* Task details
Beginning with the first line of the data below, extract each line up to and including the one containing "A wall painted". Copy them exactly and add nothing.

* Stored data
━━━━━━━━━━
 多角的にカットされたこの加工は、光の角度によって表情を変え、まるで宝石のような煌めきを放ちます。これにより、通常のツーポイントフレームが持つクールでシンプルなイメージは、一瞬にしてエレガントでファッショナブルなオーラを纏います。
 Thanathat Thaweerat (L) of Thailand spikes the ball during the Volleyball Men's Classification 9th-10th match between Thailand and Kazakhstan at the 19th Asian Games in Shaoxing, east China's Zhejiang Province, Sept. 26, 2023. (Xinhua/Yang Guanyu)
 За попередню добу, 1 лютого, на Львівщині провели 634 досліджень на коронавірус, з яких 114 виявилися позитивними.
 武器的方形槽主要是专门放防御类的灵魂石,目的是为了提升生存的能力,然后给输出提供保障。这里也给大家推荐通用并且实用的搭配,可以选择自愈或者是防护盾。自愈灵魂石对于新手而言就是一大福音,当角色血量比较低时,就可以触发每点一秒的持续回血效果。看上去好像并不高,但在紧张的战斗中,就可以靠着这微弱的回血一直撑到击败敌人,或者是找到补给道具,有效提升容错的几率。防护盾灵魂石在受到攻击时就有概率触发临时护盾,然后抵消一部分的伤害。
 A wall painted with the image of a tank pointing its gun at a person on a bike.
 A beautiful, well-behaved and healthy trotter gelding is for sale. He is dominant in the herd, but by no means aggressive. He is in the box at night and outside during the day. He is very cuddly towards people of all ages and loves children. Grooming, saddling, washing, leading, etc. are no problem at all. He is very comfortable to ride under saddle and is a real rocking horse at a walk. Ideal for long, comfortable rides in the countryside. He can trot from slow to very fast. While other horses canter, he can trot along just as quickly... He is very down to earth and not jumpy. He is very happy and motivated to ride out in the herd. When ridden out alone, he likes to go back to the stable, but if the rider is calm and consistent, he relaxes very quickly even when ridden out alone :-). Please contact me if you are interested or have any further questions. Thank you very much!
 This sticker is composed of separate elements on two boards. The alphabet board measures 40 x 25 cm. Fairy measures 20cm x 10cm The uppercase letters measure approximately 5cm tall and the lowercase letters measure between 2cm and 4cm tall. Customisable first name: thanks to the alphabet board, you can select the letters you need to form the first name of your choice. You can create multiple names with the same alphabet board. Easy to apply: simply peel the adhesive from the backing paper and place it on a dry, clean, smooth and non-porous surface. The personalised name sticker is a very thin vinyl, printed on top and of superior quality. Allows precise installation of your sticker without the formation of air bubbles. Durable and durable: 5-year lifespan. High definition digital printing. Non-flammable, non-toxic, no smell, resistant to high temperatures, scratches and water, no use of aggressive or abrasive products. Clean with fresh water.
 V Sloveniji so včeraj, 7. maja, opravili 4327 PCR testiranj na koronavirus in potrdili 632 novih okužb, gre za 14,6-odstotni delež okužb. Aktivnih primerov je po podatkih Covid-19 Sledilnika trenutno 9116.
━━━━━━━━━━
* Worked solution
 多角的にカットされたこの加工は、光の角度によって表情を変え、まるで宝石のような煌めきを放ちます。これにより、通常のツーポイントフレームが持つクールでシンプルなイメージは、一瞬にしてエレガントでファッショナブルなオーラを纏います。
 Thanathat Thaweerat (L) of Thailand spikes the ball during the Volleyball Men's Classification 9th-10th match between Thailand and Kazakhstan at the 19th Asian Games in Shaoxing, east China's Zhejiang Province, Sept. 26, 2023. (Xinhua/Yang Guanyu)
 За попередню добу, 1 лютого, на Львівщині провели 634 досліджень на коронавірус, з яких 114 виявилися позитивними.
 武器的方形槽主要是专门放防御类的灵魂石,目的是为了提升生存的能力,然后给输出提供保障。这里也给大家推荐通用并且实用的搭配,可以选择自愈或者是防护盾。自愈灵魂石对于新手而言就是一大福音,当角色血量比较低时,就可以触发每点一秒的持续回血效果。看上去好像并不高,但在紧张的战斗中,就可以靠着这微弱的回血一直撑到击败敌人,或者是找到补给道具,有效提升容错的几率。防护盾灵魂石在受到攻击时就有概率触发临时护盾,然后抵消一部分的伤害。
 A wall painted with the image of a tank pointing its gun at a person on a bike.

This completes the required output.